--- About this task ---
Retype only what runs from the first line of the records to the line with "(2)在F中选取两棵根结点的", inclusive, and no pictures.

(Dataset items)
# # # # # # #
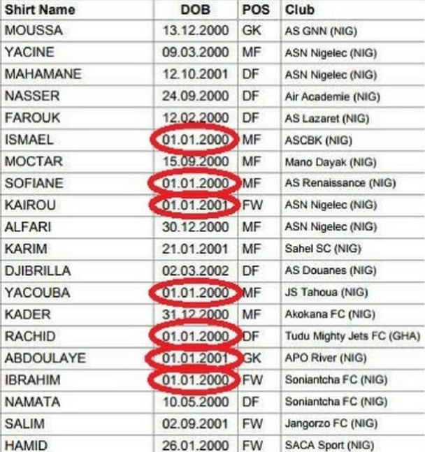 Дури седуммина фудбалери играчи на Нигер се родени на 1.јануари 2000 или 1.јануари 2001 година. Овој податок веднаш предизвика реакција на спортската јавност.
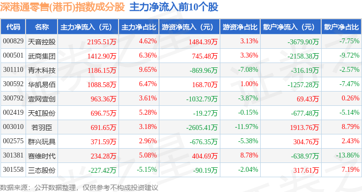 资金流向方面,深港通零售(港币)(983074)指数成份股当日主力资金净流出合计2.84亿元,游资资金净流入合计1586.22万元,散户资金净流入合计2.68亿元。成份股资金流向详情见下表:
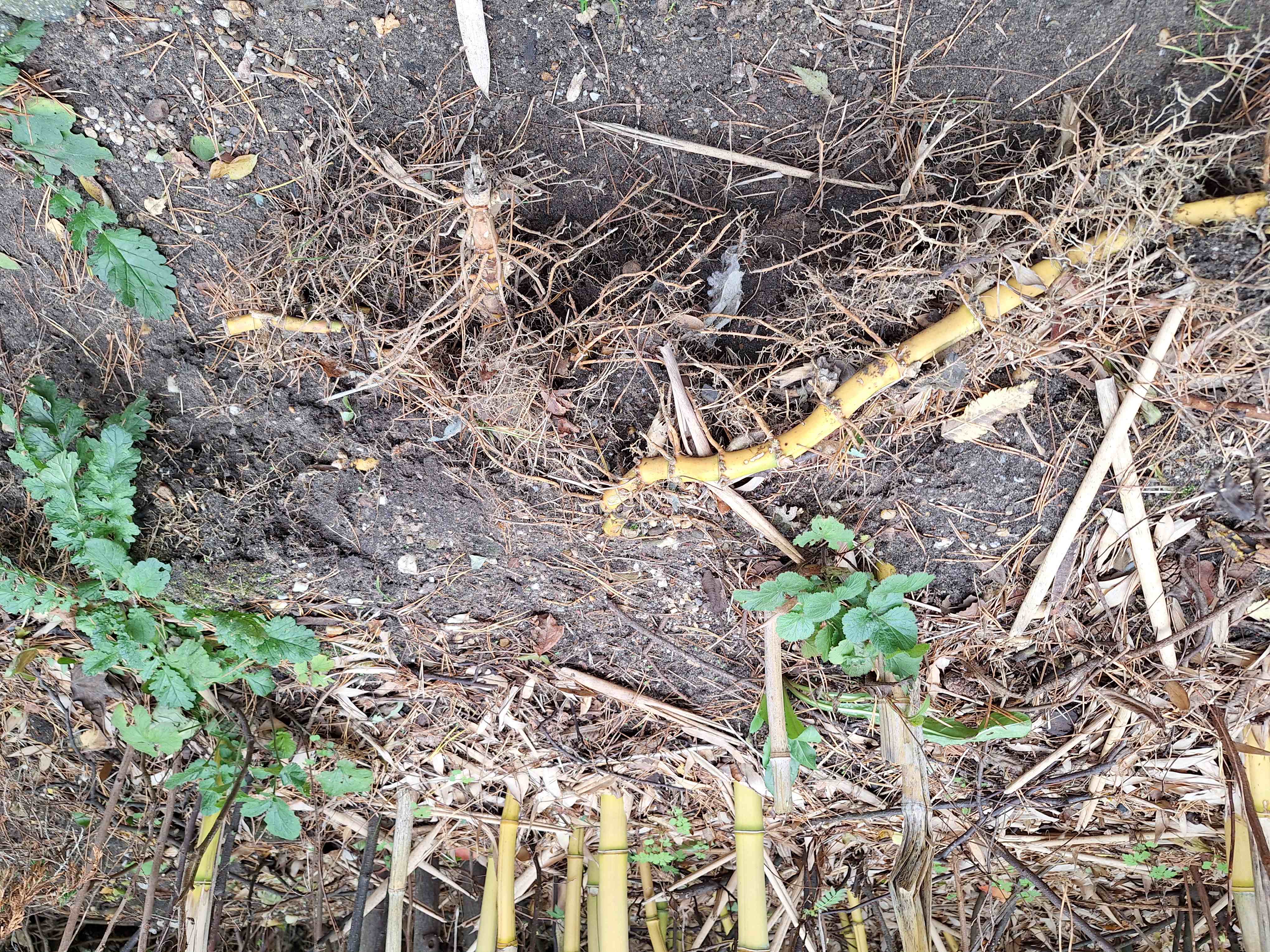 - Wortels: De wortelstokken van bamboe groeien vrij oppervlakkig, dicht onder het maaiveld en kunnen schade veroorzaken aan bouwwerken, leidingen en wegen.
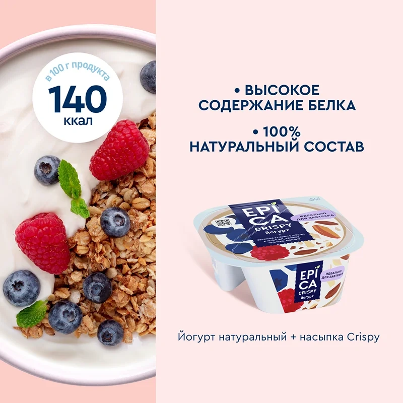 Йогурт Epica Crispy мюсли и сушеные ягоды, 6.5%, 138г
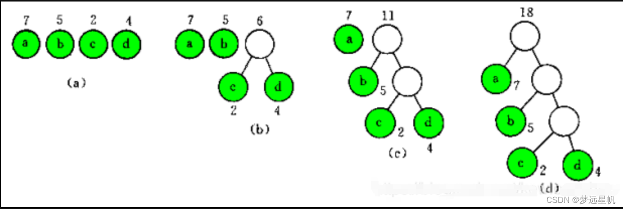 (2)在F中选取两棵根结点的权值为最小的数作为左、右子树以构造一棵新的二叉树,且置新的二叉树的根结点的权值为左、右子树上根结点的权值之和。
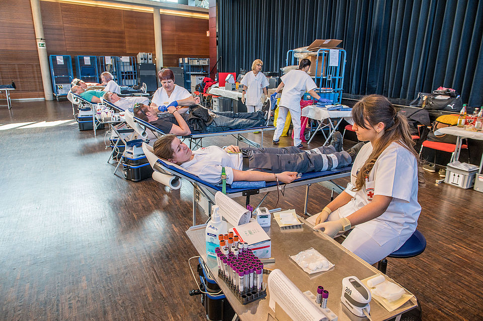 Auffallend in Eislingen war „die extrem hohe Zahl von Erstspendern“, stellte Thomas Ruckh fest. Der Vorsitzende des DRK-Ortsvereines war den ganzen Termin über in der Stadthalle, übernahm die Verantwortung und hörte von den Menschen immer wieder, dass sie ganz bewusst zum Blutspenden gekommen waren. „Wir wollen helfen und möchten uns einbringen“, so die Aussage. Fast schien es, dass sie Blut spendeten „gegen das Gefühl der Hilflosigkeit gegenüber einer nie dagewesenen Situation“. So waren viele Menschen gekommen, um in der Eislingen Stadthalle unter ganz besonderen Bedingungen ihr Blut zu spenden.
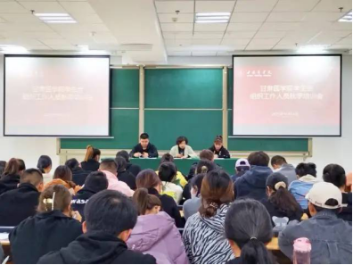 为全面贯彻落实《关于学联学生会工作人员改进作风服务同学的若干规定》、《关于推动高校学生会(研究生会)深化改革的若干意见》等相关文件精神,深入学习贯彻习近平总书记“七一”重要讲话精神,进一步提高我院青年学生干部的思想认识和履职能力,10月14日下午甘肃医学院团委于组织召开了2021年学生会组织工作人员秋季培训会,会议由院学生会秘书长曹娟老师主持,团委张月月老师、院学生会及各系(院)全体工作人员共计近200人参加了本次会议。
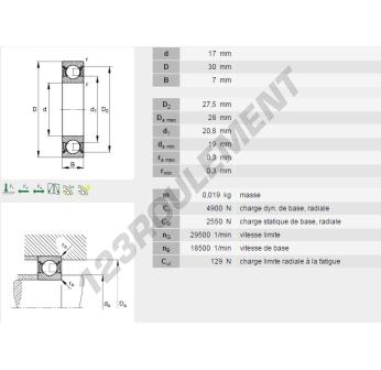 Le Roulement à Billes, connu sous la référence 61903-ZZ-INA, de la marque INA, possède un diamètre intérieur de 17mm, un diamètre extérieur de 30mm et une épaisseur de 7mm.
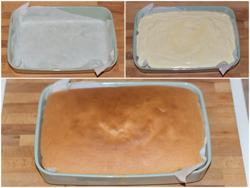 Innanzitutto preparate il pan di Spagna: montate le uova con zucchero e vaniglia finché non triplicheranno di volume (almeno 10 minuti), poi incorporate la farina setacciata e mescolate molto delicatamente dal basso verso l'alto, in modo da non far smontare le uova.
# # # # # # #
--- Response for this exercise ---
 Дури седуммина фудбалери играчи на Нигер се родени на 1.јануари 2000 или 1.јануари 2001 година. Овој податок веднаш предизвика реакција на спортската јавност.
 资金流向方面,深港通零售(港币)(983074)指数成份股当日主力资金净流出合计2.84亿元,游资资金净流入合计1586.22万元,散户资金净流入合计2.68亿元。成份股资金流向详情见下表:
 - Wortels: De wortelstokken van bamboe groeien vrij oppervlakkig, dicht onder het maaiveld en kunnen schade veroorzaken aan bouwwerken, leidingen en wegen.
 Йогурт Epica Crispy мюсли и сушеные ягоды, 6.5%, 138г
 (2)在F中选取两棵根结点的权值为最小的数作为左、右子树以构造一棵新的二叉树,且置新的二叉树的根结点的权值为左、右子树上根结点的权值之和。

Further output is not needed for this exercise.